### Task to complete
Take the lines below from the one with "材质描述:面布是水洗布,中间" through the one with "Kolejny tomik rozrywkowo-edukacyjnego" and print only them, exactly. Don't print the pictures.

### Source records
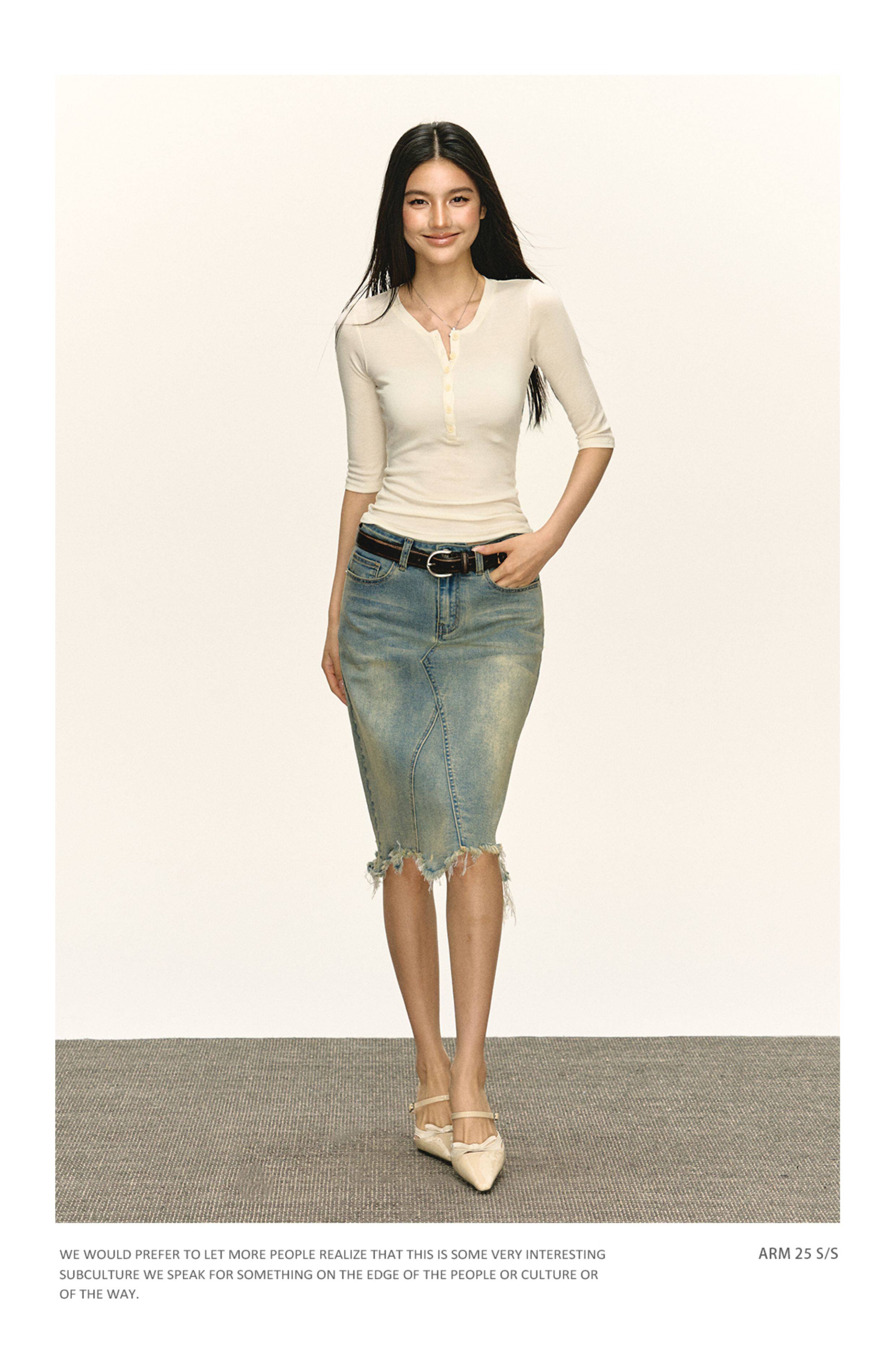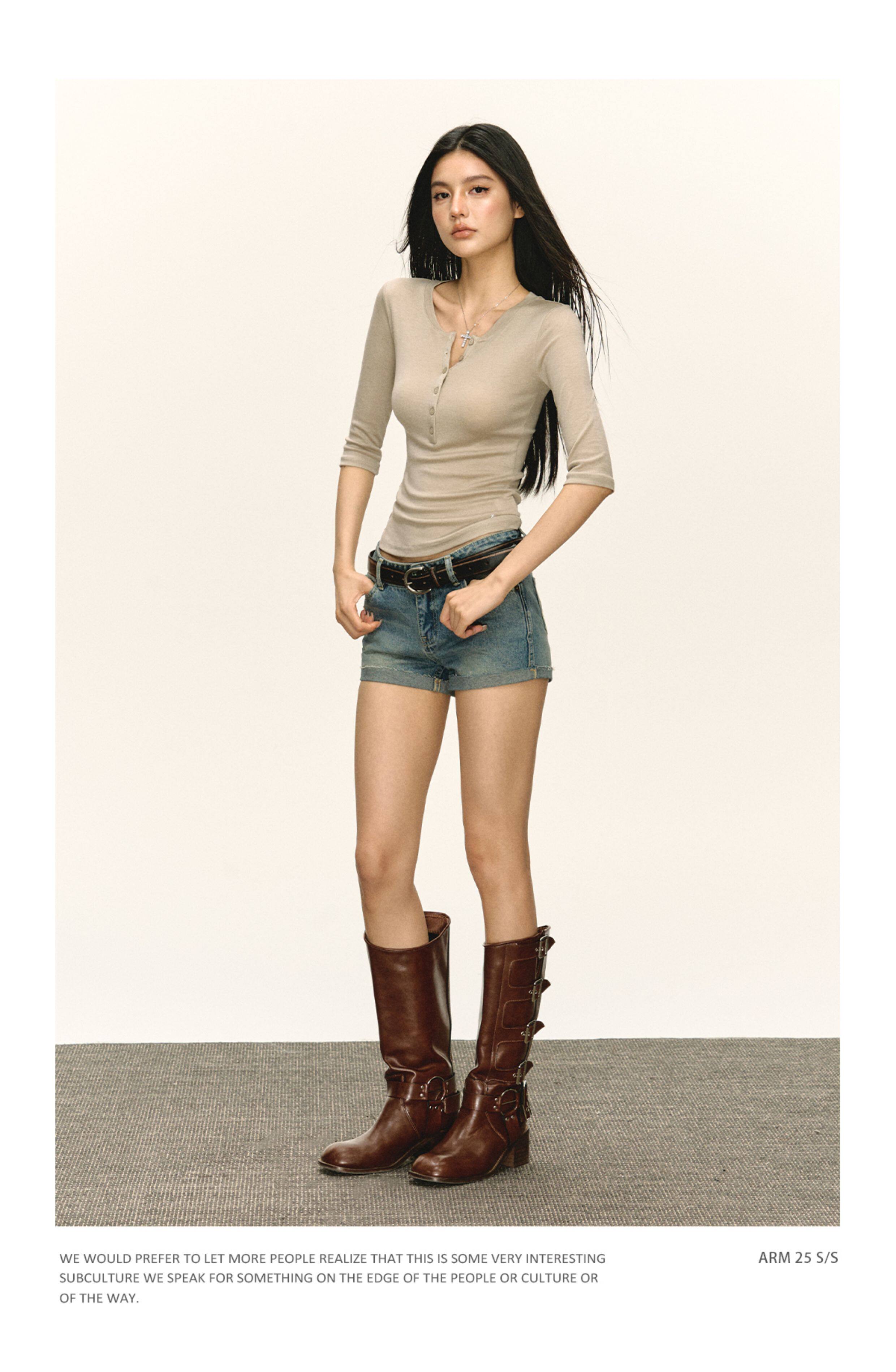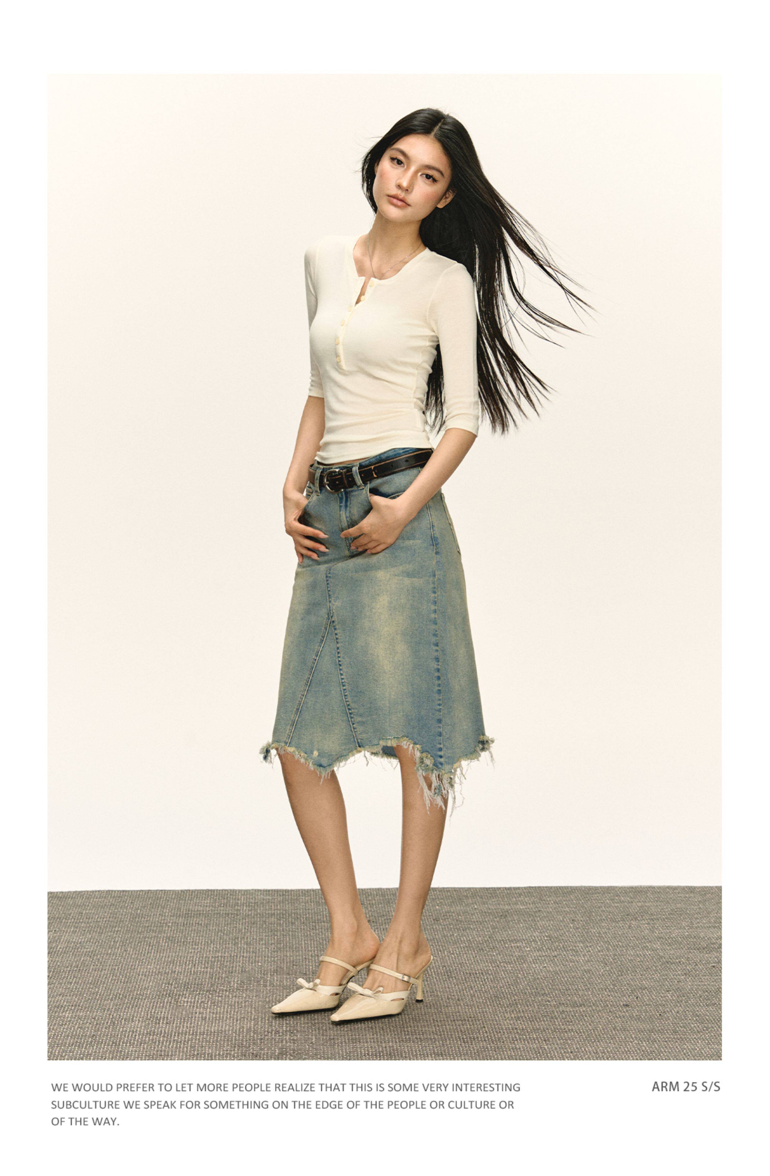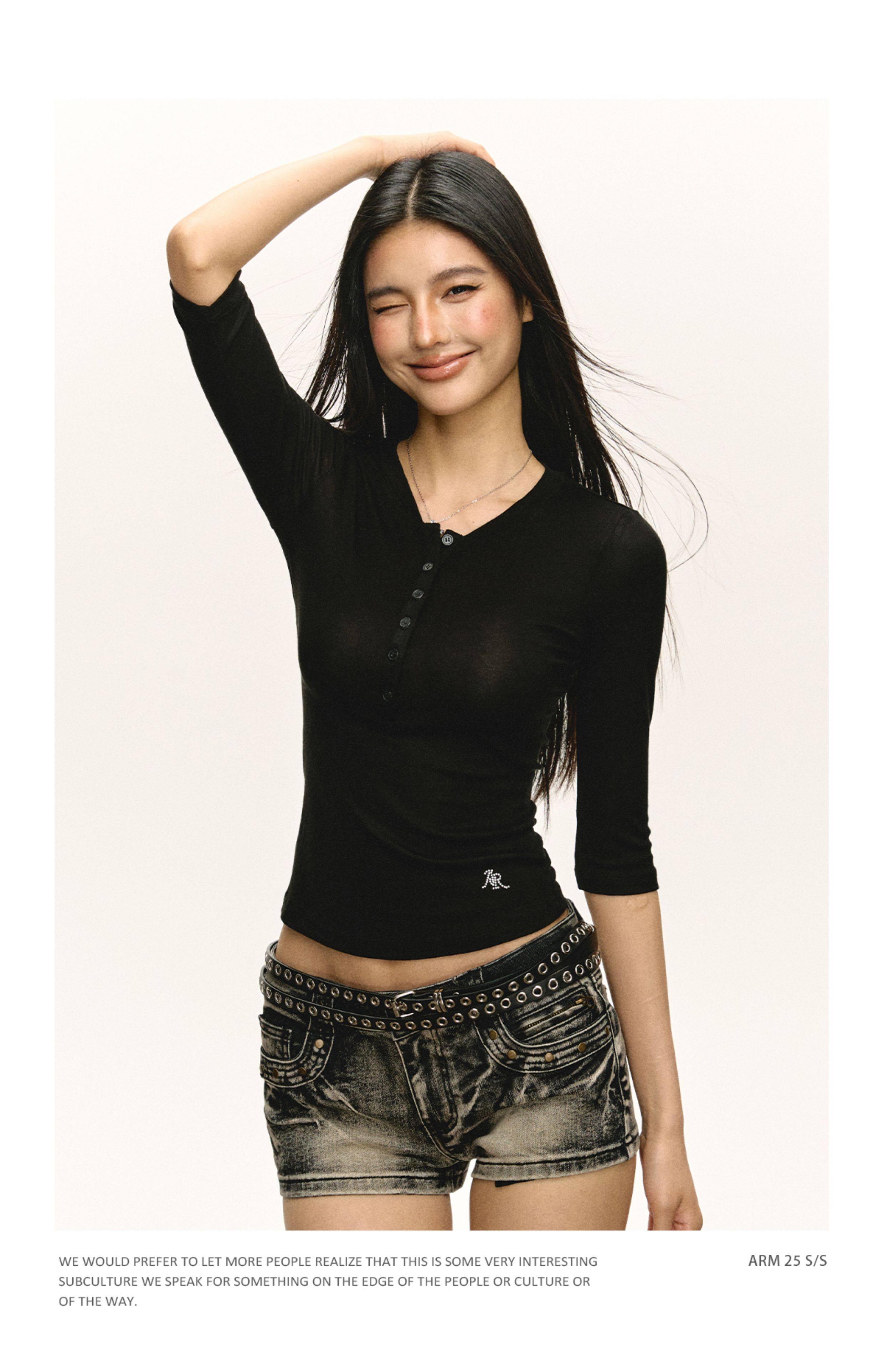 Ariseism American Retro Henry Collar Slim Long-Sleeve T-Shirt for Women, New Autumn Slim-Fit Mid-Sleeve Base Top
...
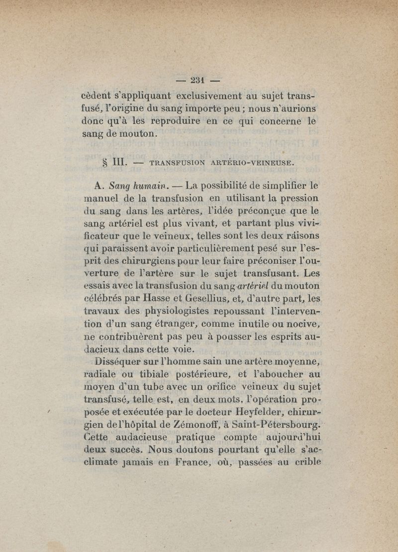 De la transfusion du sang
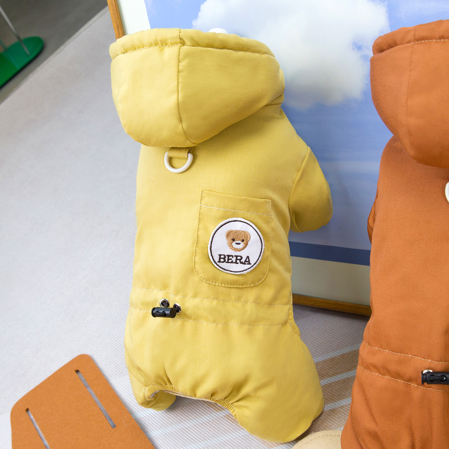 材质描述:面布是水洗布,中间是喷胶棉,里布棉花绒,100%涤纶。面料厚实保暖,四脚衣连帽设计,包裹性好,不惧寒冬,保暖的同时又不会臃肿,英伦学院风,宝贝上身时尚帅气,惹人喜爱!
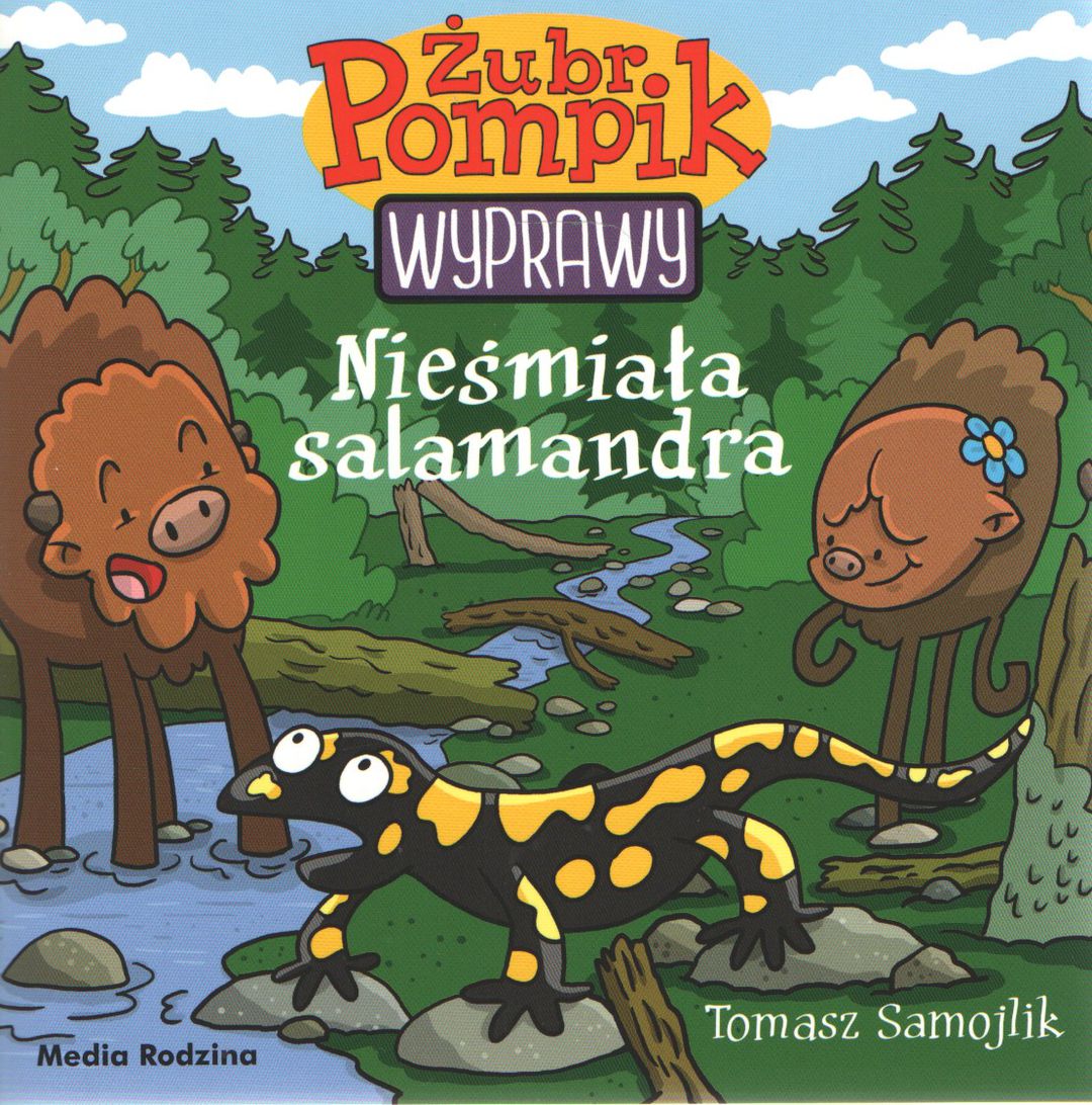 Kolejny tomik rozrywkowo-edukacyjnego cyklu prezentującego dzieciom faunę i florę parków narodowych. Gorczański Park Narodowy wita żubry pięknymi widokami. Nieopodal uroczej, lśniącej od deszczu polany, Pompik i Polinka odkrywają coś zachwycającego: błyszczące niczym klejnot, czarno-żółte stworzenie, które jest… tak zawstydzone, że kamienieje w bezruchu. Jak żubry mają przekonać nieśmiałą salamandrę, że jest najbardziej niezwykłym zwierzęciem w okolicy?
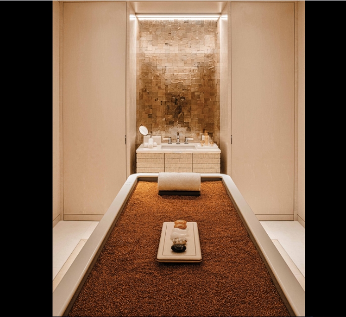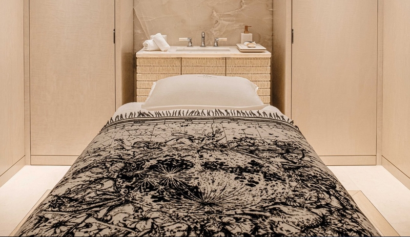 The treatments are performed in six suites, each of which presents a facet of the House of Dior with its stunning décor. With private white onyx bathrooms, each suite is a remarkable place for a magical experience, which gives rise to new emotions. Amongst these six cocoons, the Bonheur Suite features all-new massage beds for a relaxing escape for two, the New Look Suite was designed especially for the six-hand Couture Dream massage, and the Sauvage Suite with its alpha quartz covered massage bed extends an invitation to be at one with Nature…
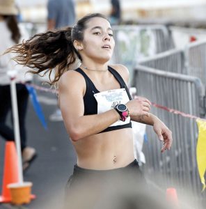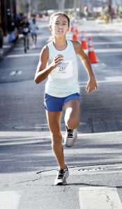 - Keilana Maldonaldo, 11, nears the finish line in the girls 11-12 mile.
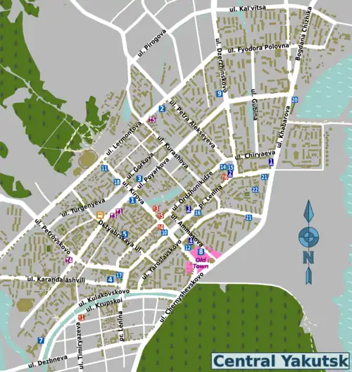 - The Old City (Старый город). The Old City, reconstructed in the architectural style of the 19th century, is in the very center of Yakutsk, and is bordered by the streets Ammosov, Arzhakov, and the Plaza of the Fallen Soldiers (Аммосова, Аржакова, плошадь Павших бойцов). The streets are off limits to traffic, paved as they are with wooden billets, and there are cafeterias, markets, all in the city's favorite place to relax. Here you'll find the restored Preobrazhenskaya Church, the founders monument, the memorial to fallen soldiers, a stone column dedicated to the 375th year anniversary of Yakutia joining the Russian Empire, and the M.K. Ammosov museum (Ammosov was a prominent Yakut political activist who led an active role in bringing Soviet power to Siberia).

### Task result
 材质描述:面布是水洗布,中间是喷胶棉,里布棉花绒,100%涤纶。面料厚实保暖,四脚衣连帽设计,包裹性好,不惧寒冬,保暖的同时又不会臃肿,英伦学院风,宝贝上身时尚帅气,惹人喜爱!
 Kolejny tomik rozrywkowo-edukacyjnego cyklu prezentującego dzieciom faunę i florę parków narodowych. Gorczański Park Narodowy wita żubry pięknymi widokami. Nieopodal uroczej, lśniącej od deszczu polany, Pompik i Polinka odkrywają coś zachwycającego: błyszczące niczym klejnot, czarno-żółte stworzenie, które jest… tak zawstydzone, że kamienieje w bezruchu. Jak żubry mają przekonać nieśmiałą salamandrę, że jest najbardziej niezwykłym zwierzęciem w okolicy?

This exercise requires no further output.